Page history last edited by Jessica Scott 5 years, 6 months ago

Standard 2: Reading and Writing Process

Students will use a variety of recursive reading and writing processes.

READING: Students will read and comprehend increasingly complex literary and informational texts.
5.2.R.1 Students will create an objective summary, including main idea and supporting details while maintaining meaning and a logical sequence of events.

Student Actions 

Teacher Actions 

  • Students summarize showing no bias, emotion, or opinion.
  • Students include the main idea and supporting details in the summary of a text.
    • Using graphic organizers to take notes will help students identify the main idea and supporting details.
  • Students use order and logical sequences in the summary of a text.
  • Students present summaries in writing or by talking about the text with a peer.  

 

 

  • Teachers model an objective summary making sure not to include the reader’s personal opinions or thoughts and provide multiple opportunities for students to practice with literary and informational texts.
  • Teachers provide and model different strategies for organizing the main idea and supporting details to summarize a text and provide multiple opportunities for students to practice.
    • Examples:
      • Write a summary in exactly 25 words
      • Somebody Wanted But So Then (SWBST) is a guide for students to summarize a fiction story in sequence and including a beginning, middle, and ending.
      • Using a reporter’s formula is one way to write a summary for informational text: Who/What?
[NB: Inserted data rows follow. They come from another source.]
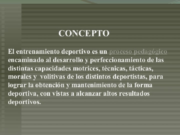 MAGNITUD DE LA CARGA Ø Volumen de la carga: Cantidad de trabajo de entrenamiento a realizar. Ø Volumen de entrenamiento: Cantidad total de carga que realiza un deportista en una sesión. Ø Volumen total de la carga: Cantidad de trabajo de entrenamiento realizado durante una sesión, micro, meso, etapa, periodo o macro.
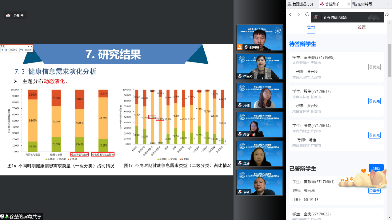 本科毕业答辩数字化平台(iThesis)”,充分利用信息化技术,答辩过程严谨规范、秩序井然。全院预防医学、放射医学和信息管理与信息系统三个专业共177名同学顺利通过本科毕业论文答辩。
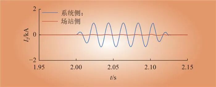 圖4 不對(duì)稱故障場(chǎng)景下系統(tǒng)側(cè)與場(chǎng)站側(cè)負(fù)序電流
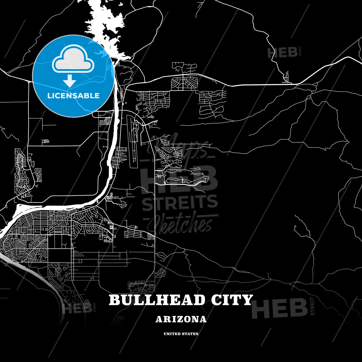 This black map template of Bullhead City is designed for posters in portrait and square formats. We recommend the PDF−Vector format for larger prints. The entire text has not been converted to outlines and can be changed as needed. The font is not embedded in the file.
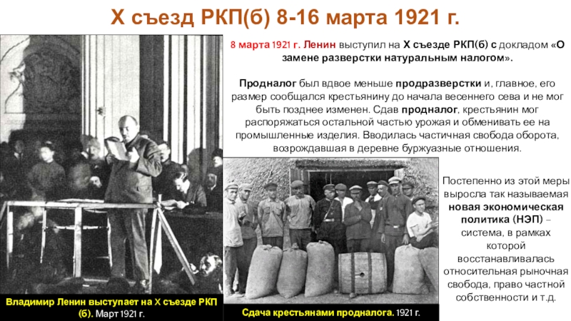 8 марта 1921 г. Ленин выступил на Х съезде РКП(б) с докладом «О замене разверстки натуральным налогом».
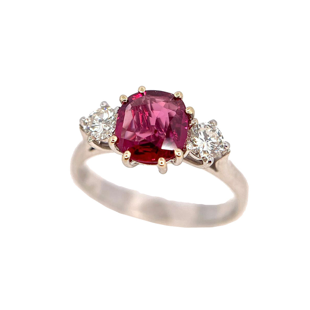 Capodagli anello oro bianco 18kt Rubino Thailandia 1,23ct e diamanti
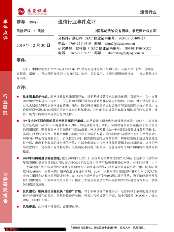 【东莞证券】【20191230】20191230-东莞证券-通信行业事件点评:中国移动传输设备招标,承载网升级在即-2页 行业研究
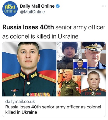 据英国《每日邮报》报道,自俄罗斯-乌克兰战争开始以来,俄罗斯已经失去了40名高级军官。
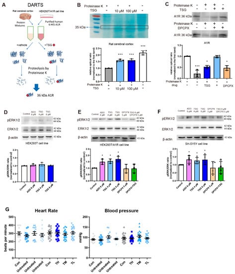 TSG targeted A1R and activated ERK1/2 phosphorylation, a downstream signal of A1R. (A) Experimental procedure of DARTS with TSG. (B) Coomassie SimplyBlue staining of the cerebral lysates subjected to proteinase K digestion (n = 3). (C) SDS-PAGE analysis of the cellular lysates subjected to proteinase K digestion with A1R antibody staining (n = 3). (D) The phosphorylation of ERK1/2 in HEK293T cells without A1R was detected by Western blot after 24 h incubation with adenosine (ADO, 8 µM) and TSG (4 µM and 8 µM). (E,F) The phosphorylation of ERK1/2 in HEK293T/A1R cells and SH-SY5Y cells was detected by Western blot after 24 h treatment of ADO (8 µM), DPCPX (5 µM) and TSG (4 µM and 8 µM). The gray value was analyzed by ImageJ software. All the values were expressed as mean ± SD, n ≥ 3. (G) The heart rate and blood pressure of rats 14 days before TSG treatment and 21 days with TSG treatment, respectively. TSG was treated for rats for 21 days with 40, 20 and 10 mg/kg (s.c., twice a day) corresponding to the TH, TM and TL groups. Each point represents the mean value of blood pressure and heart rate of rats each day in the same group. The observed vertical bar represents the mean ± SD of the blood pressure and heart rate at 14 days and 21 days, respectively. * p < 0.05, and *** p < 0.001, other groups vs. Control group.
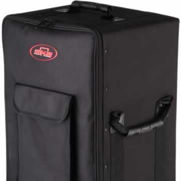 Not just a soft bag, but a soft case to transport and protect your powered mixer. A rigid plastic core that is covered by a rugged 600 Denier exterior for protection to the knobs and delicate controls. An indestructible injection molded pull out handle and dual wheels for easy transport.

When? Where? Why? How?
  • Teachers provide and model different strategies for using order and logical sequences in the summary of a text and give multiple opportunities for students to practice.
    • Guide students to brainstorm a list of sequence/order/transition words and display in the classroom or in student notebooks
  • Teachers monitor and provide opportunities for students to receive feedback on their objectivity, use of main idea and details, and on the use of order and logical sequences in the summary of a text.
    • Provide students with a rubric outlining expectations and use give feedback in an objective manner.

Supporting Resources 

Teacher Insights 

Study.com Objective Writing Definition/Examples  (website)
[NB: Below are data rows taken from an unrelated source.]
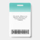 Dieses Abzeichen für den benutzerdefinierten Mitarbeiternamen lässt sich einfach mit Foto, Bar scannen und dem Firmenlogo mit einem weißen Farbverlauf in der Hintergrundfarbe personalisieren. Ein einfacher personalisierter Name für die Sicherheitshinweise kennzeichnet das Business-Design in farbenfrohen türkisblauen und weißen Farbtönen, die sich in Vorder- und Rücken-Größen, serifenlosen Schriftart und einem beruflichen und klaren Aussehen vollständig anpassen lassen. Die id-Abzeichen sind mit Lanyard, Metallklammer oder mit Retraktierbar erhältlich. Keine Mindestbestellung.
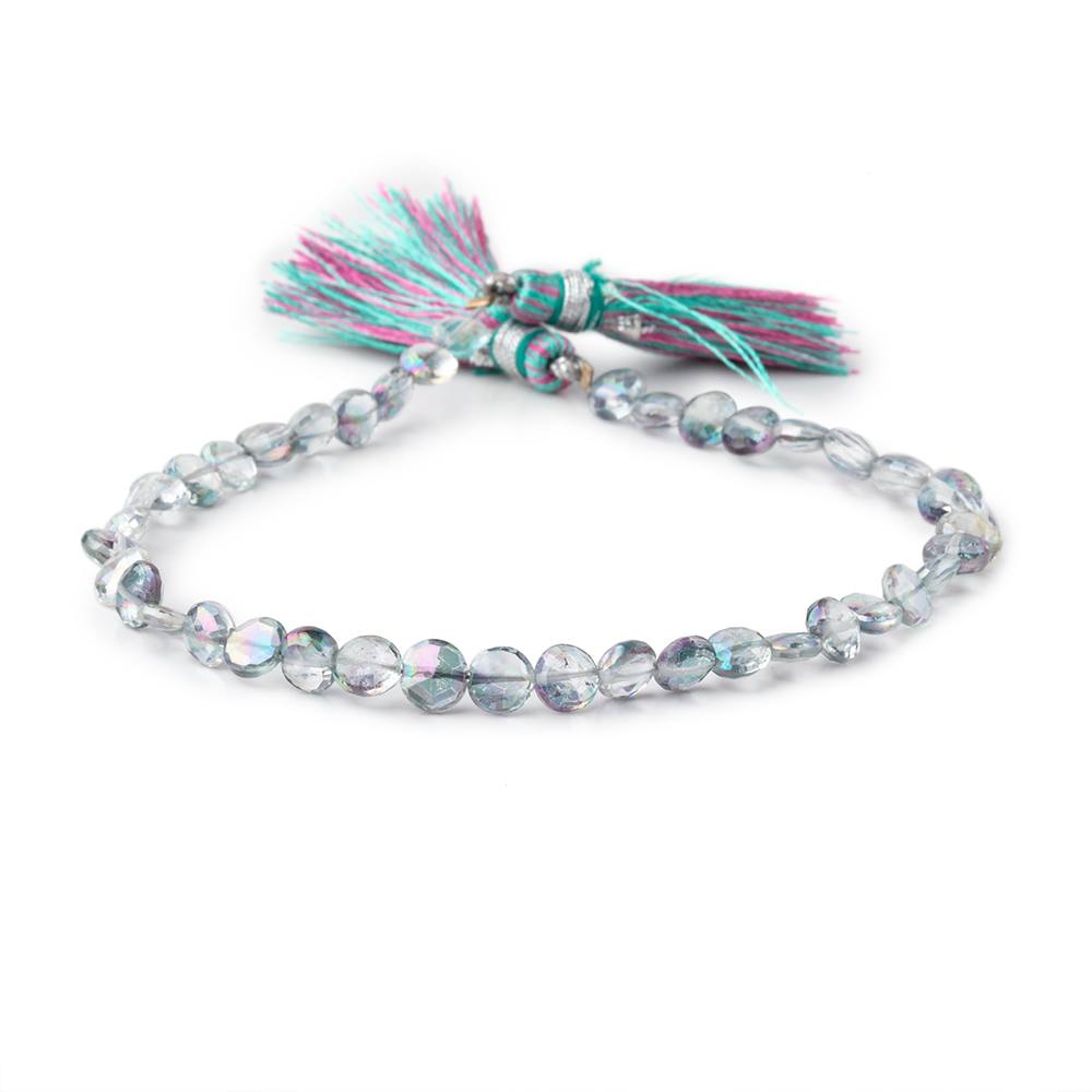 Aurora Borealis or Mystic Grey Topaz faceted Coin beads measure approximately 5mm in size, the gems have a metallic coating providing an oil in water iridescent effect on this extremely brilliant gem body, the gems are transparent with a purple-blue-mint hue, and the gems are a highly refractive with excellent make, great heft, and rich color.
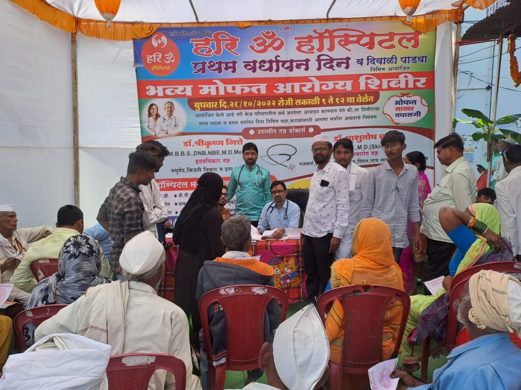 हरि ओम हॉस्पीटल केज च्या प्रथम वर्धापन दिनानिमित्त तथा दिवाळी पाडव्याचे औचित्य साधुन भव्य मोफत आरोग्य शिबीरास मोठ्या प्रमाणात नागरीकांचा, रुग्नांचा प्रतिसाद मिळाला.

Summarizing Literacy Progression (website)

Summarizing Strategies (website)
  • Summarizing is reducing large selections of text to their base essentials: the gist, the key ideas, the main points that are worth noting and remembering.

  • Summarization of both literary and informational text should be concise, yet they should include the text’s central idea or themes and important details.  Summaries should also be objective, rather than including the reader’s personal opinion or thoughts.

  • Summarizing requires students to determine what is important in what they are reading and to put it into their own words. Instruction in summarizing helps students:

    • Identify or generate main ideas

    • Connect the main or central ideas

    • Eliminate unnecessary information

    • Remember what they read

  • Students can write summaries in reading notebooks or deliver summaries verbally to peer.

  • A good objective summary:

    • Begins with a topic sentence that identifies the main idea

    • Contains facts that support the topic sentence

    • May use transitions

    • Uses a formal tone

    • Avoids expressing personal opinion

  • When students give a summary of an informational text, they should state the main idea, then the supporting details in order of how they were presented in the text. The informational text should have been written in a logical sequence, so it is safe to use this order.

Due to recursive nature of the standards, it is essential that teachers are aware of how all objectives within and between strands work together for optimal instruction.